- **Record excerpts**:
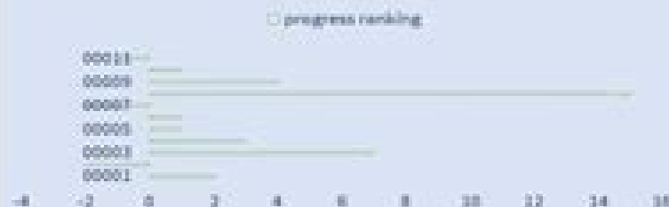
Analysis of students' progress in class examinations
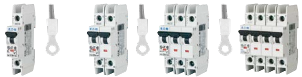
FAZ-RT UL 489 circuit breakers with ring-tongue terminals at 480/277 Vac—10 kAIC, 14 kAIC D curve (13–20 A)
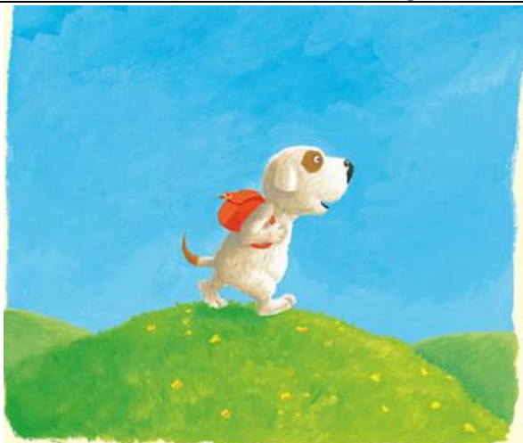
When Sid set off for school one day,

2. Answer the questions using information that you have found in the text
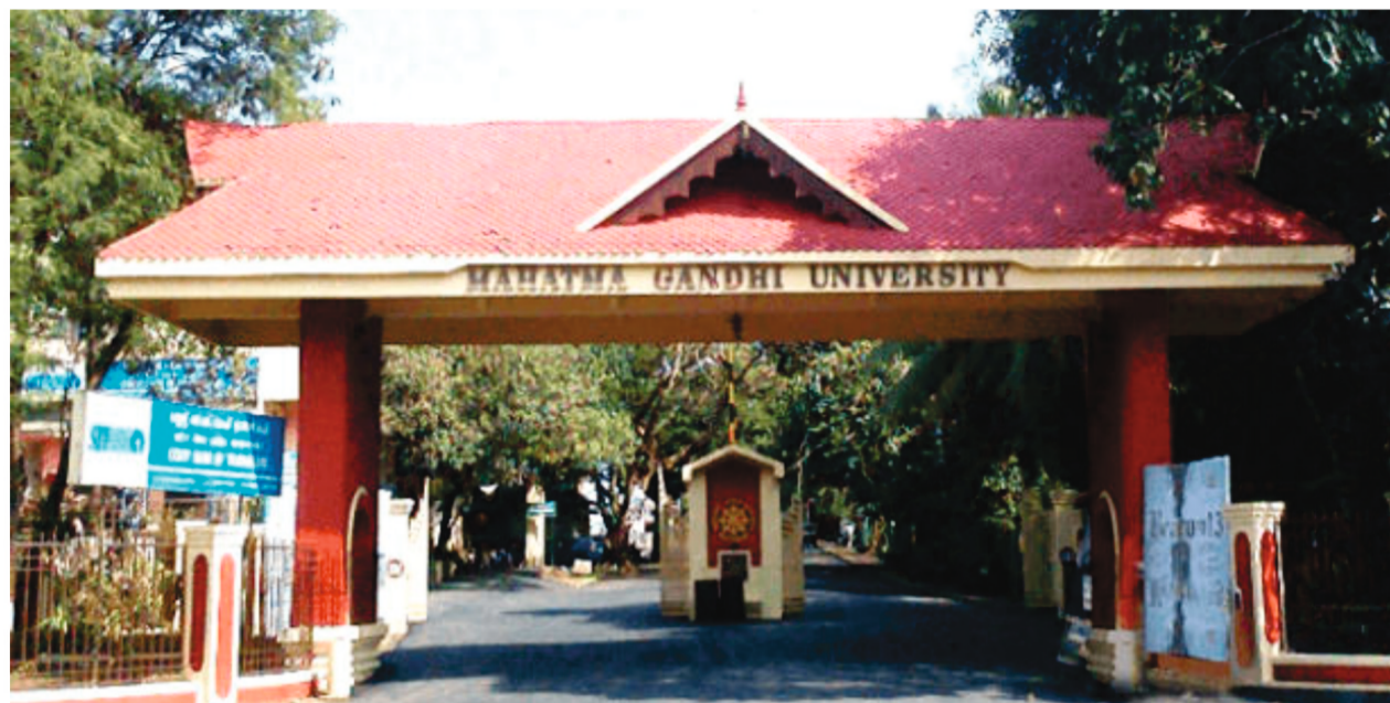
Mahatma Gandhi University

Welcome to the vibrant world of creativity and talent at the 37th Inter-University National Youth Festival hosted by PAU, Ludhiana! With over 2000 students representing more than 100 universities from across India, this festival promises a spectacular showcase of dance, drama, music, fine arts, and literary prowess. Among the participants are the champions of the eight zonal youth festivals, each bringing their unique flair and passion to the stage. In our daily newsletter, we will delve into the inspiring profiles of two zonal winners, celebrating their journey and achievements in the realm of artistic and academic excellence. Stay tuned as we shine a spotlight on the institutions from where remarkable talent will be gracing the stage, igniting inspiration and admiration across the nation!
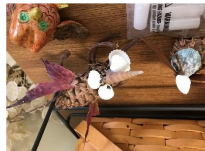
An "earth art" student project using a pinecone, leaves, and shells
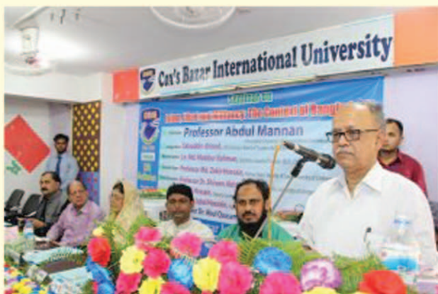
The Chairman of UGC speaking as the Chief Guest

Cox's Bazar International University (CBIU) organized a seminar on Islam, Jihad and Militancy: Perspective Bangladesh at its campus premises on 07 May 2017.
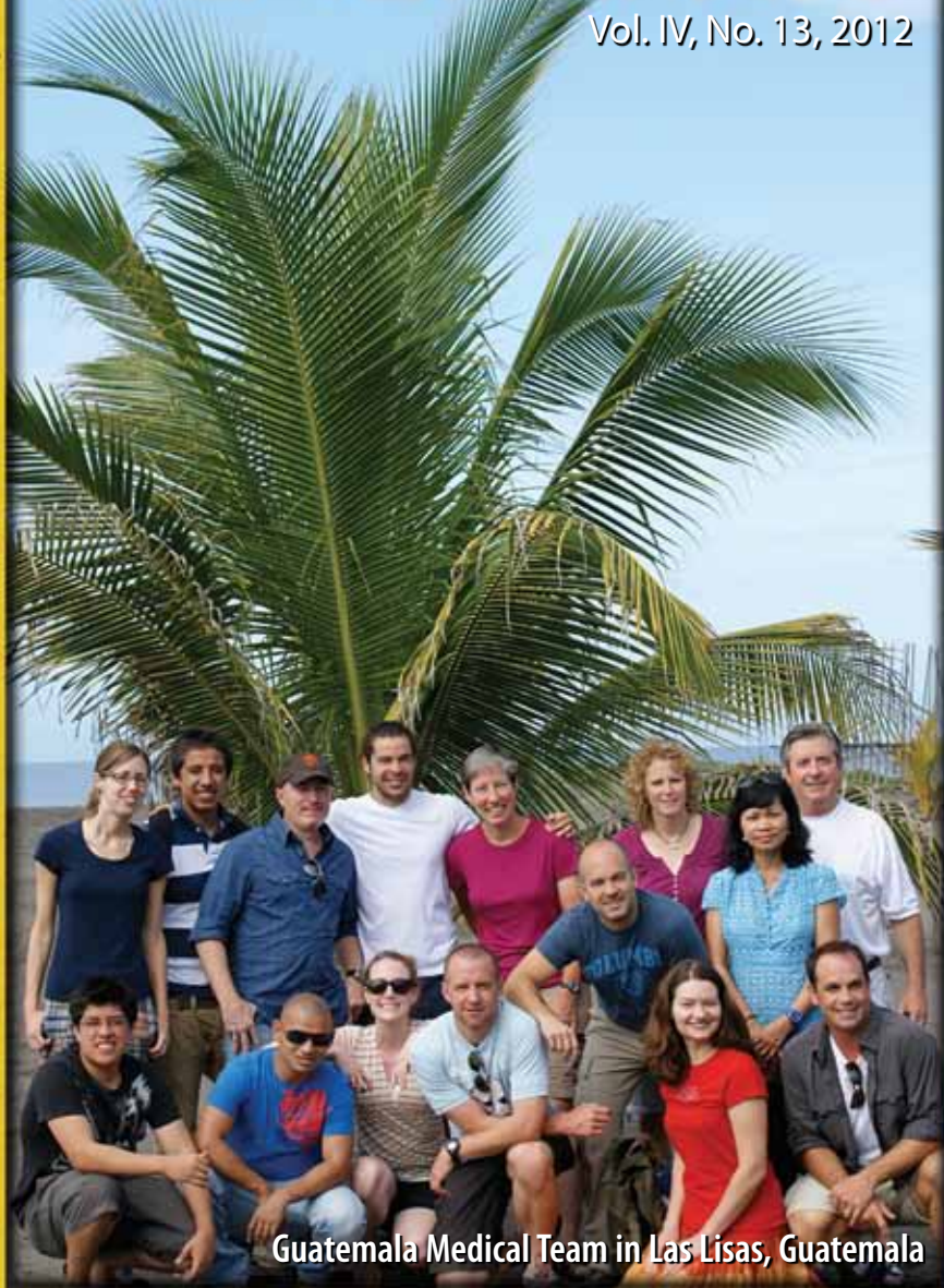
Guatemala Medical Team in Las Lisas, Guatemala
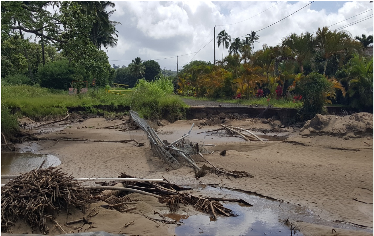
Below: Damage to Weke Road and infrastructure in Hanalei, Kaua'i.
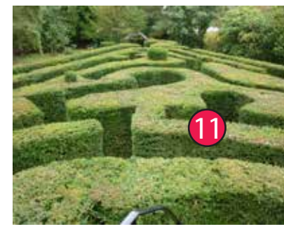
The Maze at Bridge End Gardens
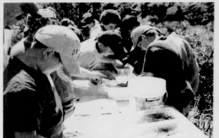
Students identify macro-invertebrates from Willow Creek.
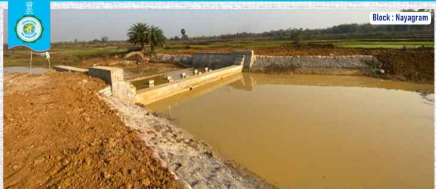
Block : Nayagram
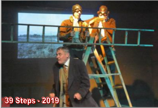
39 Steps - 2019
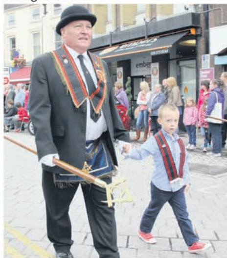
A proud day for grandad and grandson as they pace themselves through Armagh. dd3670
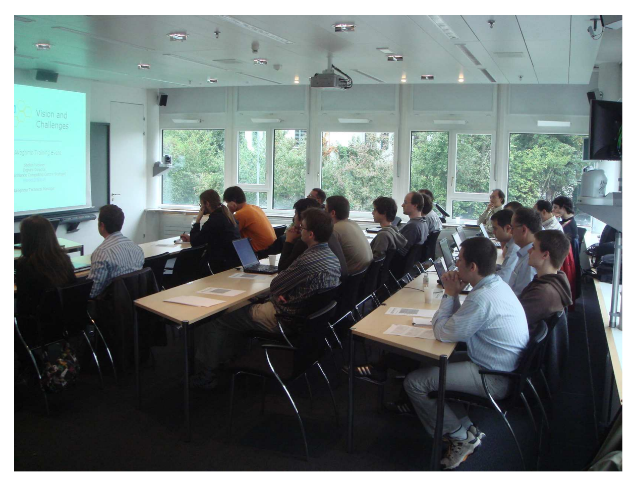
Figure 3: Akogrimo Seminar attendance
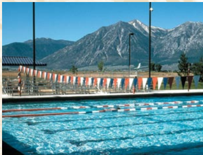
Spectacular mountain views make outdoor swimming at the Carson Valley Swim Center even more enjoyable. The outdoor pool is one of several, including an Olympic-size indoor pool.
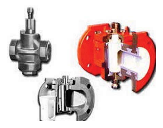
PLUG VALVES SLEEVED OR LINE SIZES: 2"-24" AVAILABLE IN VARIOUS MATERIALS AND LINERS

AVAILABLE IN ANSI FLANGES API 607 FIRE SAFE VALVE SIZES: 1/2" - 4" HEAVY-DUTY SOLDERED FUSIBLE LINKS
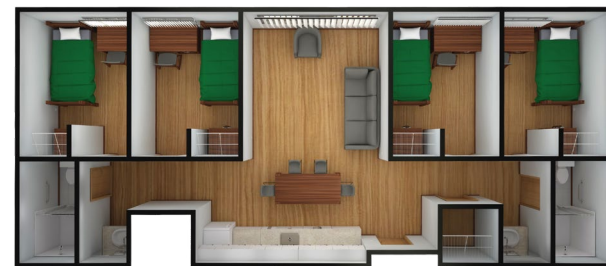
4 Bedroom 2 Bathroom Apartment (Kitchenette)

Disclaimer: These are artistic renderings and do not depict the final room designs.
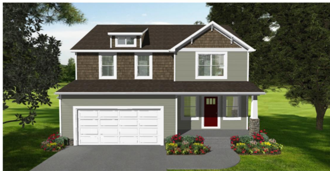
The Oak Elevation

Visit our website or call us today to speak with a sales person. Toll Free: 1-877-358-9199 www.sedgewickhomes.com
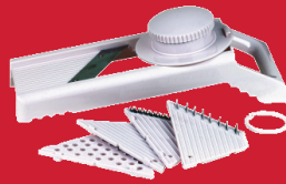
Mandoline Slicer (107672)
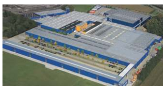
Hörmann KG Brockhagen, Germany
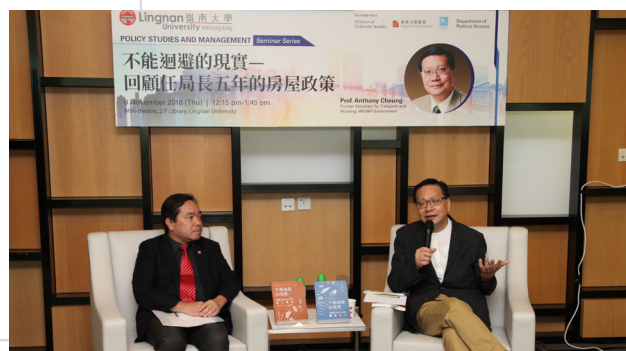
Seminar Series on Policy Studies and Management
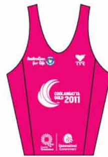
Masters 30+ Female
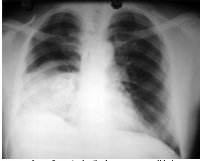
Figure 1: Large Posterior basilar lung mass consolidation

enhancement after administration of contrast medium on MR imaging. Finally, the patient had a surgery. A large tumor at the inferior portion of the right hemithorax arising from the posterior portion of the 8th rib was seen. Tumor was situated over the diaphragm; however, it could be isolated easily from underlying diaphragm and the lung without resistance. Destruction of three ribs and some minimal destruction of the 8th thoracic vertebral body were noted. Tumor passing through the neural foramen had produced a dumb-bell shaped mass. Posterolateral thoracotomy was performed along with resection of the chest wall with removal of three ribs (7th, 8th, and 9th) and half of the 8th vertebral body was carried out. The tumor had apparently invaded the spinal canal and epidural space.
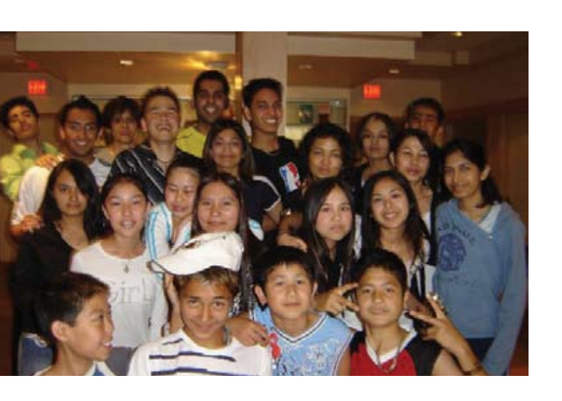
Youth from Afghanistan, newly-arrived in Quebec, Canada look to the future with a renewed sense of hope and opportunity

Since 1994, FOCUS has sought to assist people affected by displacement. Following serious civil conflict in countries such as Afghanistan, Tajikistan, and Kosovo, FOCUS facilitated the relocation of communities to Canada, Germany, India, Pakistan and Russia.
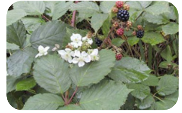
Blackberry (all kinds)
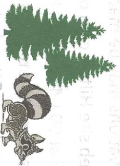
EAST TEXAS TREKKERS
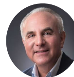
Mike Silver Sage Intacct

- **Exercise directions**: The reply should hold an exact repeat of the entries from their opening line through the line with "Mahatma Gandhi University", and no pictures at all.

- **Result below**:
Analysis of students' progress in class examinations
FAZ-RT UL 489 circuit breakers with ring-tongue terminals at 480/277 Vac—10 kAIC, 14 kAIC D curve (13–20 A)
When Sid set off for school one day,

2. Answer the questions using information that you have found in the text
Mahatma Gandhi University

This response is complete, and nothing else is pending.